Exercise aim
Look below for the line containing "- Rhourri-Frih, B.;". Write out that line and the rest through the last one, exactly as they appear, but without pictures.

Information shown
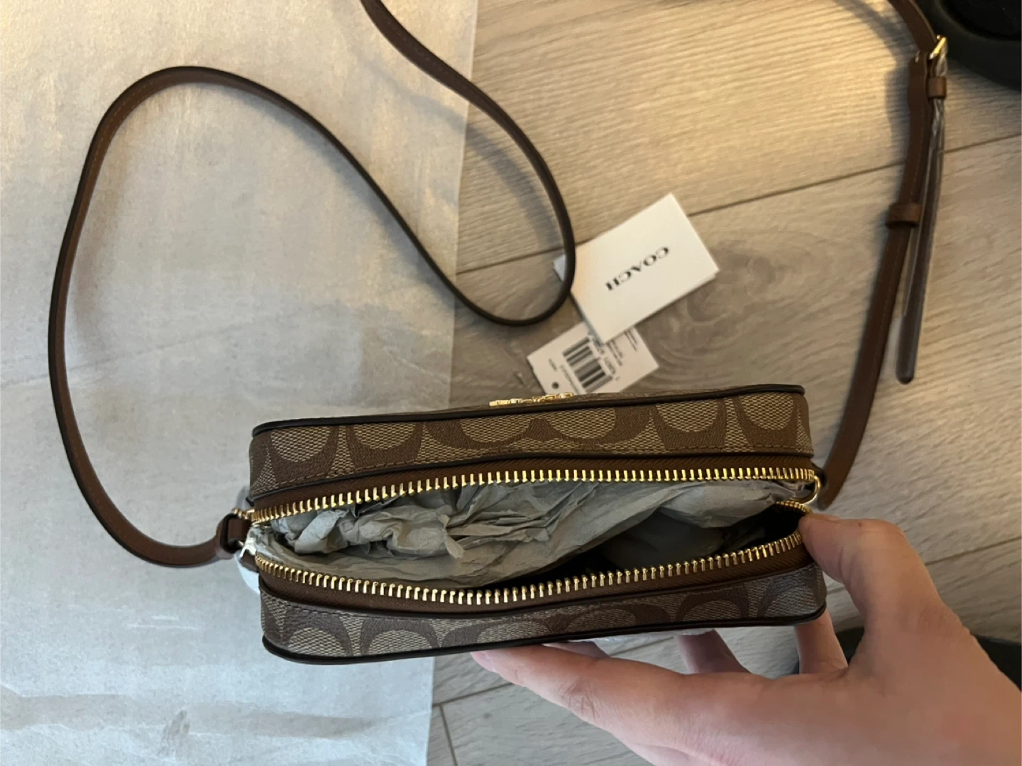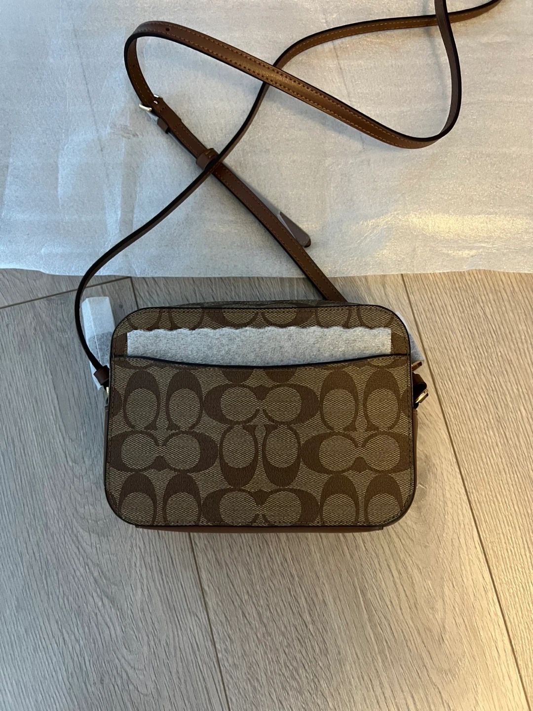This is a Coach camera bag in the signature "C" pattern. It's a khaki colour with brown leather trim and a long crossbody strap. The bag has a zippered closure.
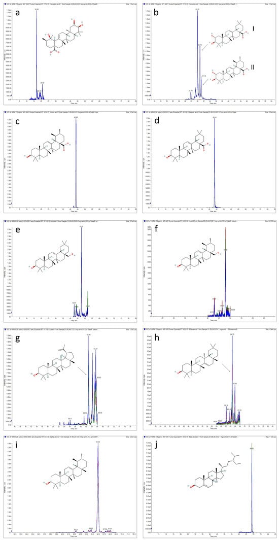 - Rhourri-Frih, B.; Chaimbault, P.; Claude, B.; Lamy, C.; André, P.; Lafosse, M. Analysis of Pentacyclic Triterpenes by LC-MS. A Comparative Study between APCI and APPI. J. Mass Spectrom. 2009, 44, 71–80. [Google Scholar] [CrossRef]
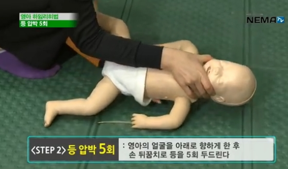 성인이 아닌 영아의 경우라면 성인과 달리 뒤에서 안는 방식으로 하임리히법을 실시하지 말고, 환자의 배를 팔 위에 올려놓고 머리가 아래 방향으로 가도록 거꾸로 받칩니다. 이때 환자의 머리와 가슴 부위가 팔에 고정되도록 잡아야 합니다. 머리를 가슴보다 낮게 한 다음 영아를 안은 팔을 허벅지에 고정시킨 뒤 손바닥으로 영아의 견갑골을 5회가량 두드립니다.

Response box
 - Rhourri-Frih, B.; Chaimbault, P.; Claude, B.; Lamy, C.; André, P.; Lafosse, M. Analysis of Pentacyclic Triterpenes by LC-MS. A Comparative Study between APCI and APPI. J. Mass Spectrom. 2009, 44, 71–80. [Google Scholar] [CrossRef]
 성인이 아닌 영아의 경우라면 성인과 달리 뒤에서 안는 방식으로 하임리히법을 실시하지 말고, 환자의 배를 팔 위에 올려놓고 머리가 아래 방향으로 가도록 거꾸로 받칩니다. 이때 환자의 머리와 가슴 부위가 팔에 고정되도록 잡아야 합니다. 머리를 가슴보다 낮게 한 다음 영아를 안은 팔을 허벅지에 고정시킨 뒤 손바닥으로 영아의 견갑골을 5회가량 두드립니다.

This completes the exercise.